Perhaps this is what some of the women who met Jesus thought. Just like Rahab, Tamar and Ruth, there are women in the New Testament who leave a lasting legacy. Jesus’ mother Mary is the epitome of faith and obedience. Mary Magdalene was a woman of strength, one of Jesus’ most important disciples, and the person to whom Jesus first reveals himself after the resurrection. Even the Samaritan woman at the well in John 11 is credited as being the first evangelist.

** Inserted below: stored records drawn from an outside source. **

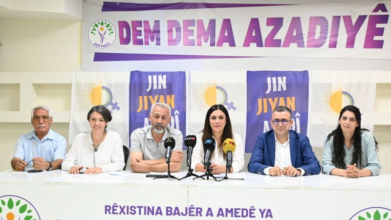 Demokratik Kurumlar Platformu, Özgür Kadın Hareketi'nin (TJA) organize ettiği, 1 Ekim'de "Umutla özgürlüğe yürüyoruz" şiarıyla Diyarbakır'dan Ankara'ya yapılacak yürüyüşe dair Halkların Eşitlik ve Demokrasi Partisi (DEM Parti) Diyarbakır İl Örgütü'nde basın toplantısı düzenledi.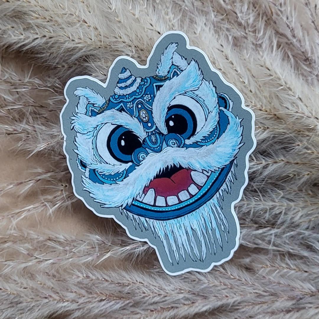 Matte vinyl sticker of a blue Chinese Lion Dance character named, TânTân. Weather resistant and waterproof. Great for laptops, water bottles, tablets, and more. Easy peel backing. Sticker has no white border, what you see is the easy peel backing paper.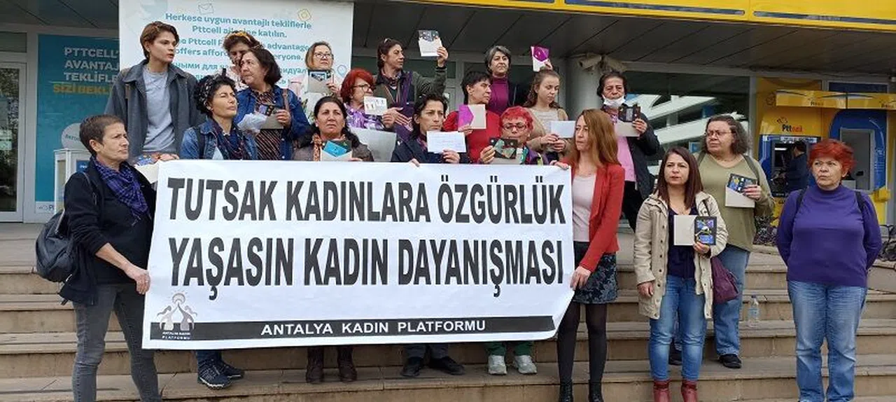 Antalya Kadın Platformu adına basın açıklamasını okuyan İmece Kadın Sendikası Şube Başkanı Münire İnal, “25 Kasım Kadına Yönelik Şiddete Karşı Uluslararası Mücadele ve Dayanışma Günü, insanlık tarihinde kadınlara yönelen vahşi bir şiddetin, bir insanlık ayıbının tarihi olduğu gibi, esas olarak kadınların erkek egemen sisteme karşı mücadelesini ve dayanışmayı yükselttiği tarihtir. Özgürlükleri elinden alınmış tutsak kadınlara dayanışma amacıyla kartlarımızı, mektuplarımızı kız kardeşlerimize ulaştırmak için buradayız. Vardık, varız, var olacağız. Sömürüsüz, şiddetsiz, eşit ve özgür yaşamı birlikte kuracağız. Hep birlikte yaşamlarımızı ve dünyayı değiştirmeye, özgürleştirmeye diyoruz ve tüm kadınları 27 Kasım Pazar günü saat 14.00’da Aydın Kanza Parkı’nda toplanıp Yavuz Özcan parkına yürümeye, mücadelemizi büyütmeye bekliyoruz” dedi.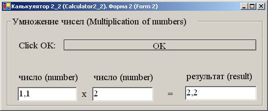 Алгоритм этого примера сформулируем так: на первой (главной) форме: в первое окно вводим первый сомножитель; во второе окно вводим второй сомножитель; щёлкаем по кнопке со знаком равенства; на появившейся второй форме (с пустыми тремя окнами) щёлкаем кнопку OK, после чего во всех трёх окнах мы увидим числа. Проверяем (контролируем) правильность вывода программой двух сомножителей в первые два окна второй формы (эти значения мы просто передадим с первой формы и подробно объясним, как это делается); анализируем результат умножения, который мы увидим в третьем окне.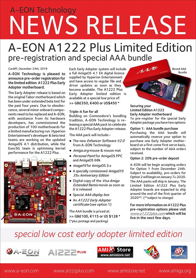 Each Early Adopter system will include a full AmigaOS 4.1 EA digital licence supplied by Hyperion Entertainment and have access to regular file and driver updates as soon as they become available. The A1222 Plus Early Adopter limited edition is available at a special low price of: GB£ 350, €400 or US$ 450*.

But what about the Syrophoenician woman of Mathew 15:21-28? What about the bleeding woman in Luke 8:43-48? What about the widow whose son Jesus’ raised from the dead in Luke 7:11-17? None of these women even have names recorded. None of them have a lasting legacy; they appear in the story as incidental characters and disappear just as quickly. But all of them had an encounter with the living God that changed their lives.

My life will play out as God wills it. Who knows what will happen? Maybe my children will have a million kids who found a dynasty somewhere. Maybe I’ll end up being an example of something old and superseded. Maybe I’ll be an incidental character in someone else’s story. But if my life carries the same legacy as Hagar, then I am happy. I have seen the God who sees me.

Not all of us will be a Tamar or a Ruth, a Rahab or a Mary. Most of us are a Hagar or a Syrophoenican woman, living ordinary lives. But God has reached out to us through his Son and Spirit. He sees us. He hears us. He gets us. It is a wondrous and beautiful thing to be known by the One that made everything and holds everything together. It was an encounter that changed my life. Has it changed yours?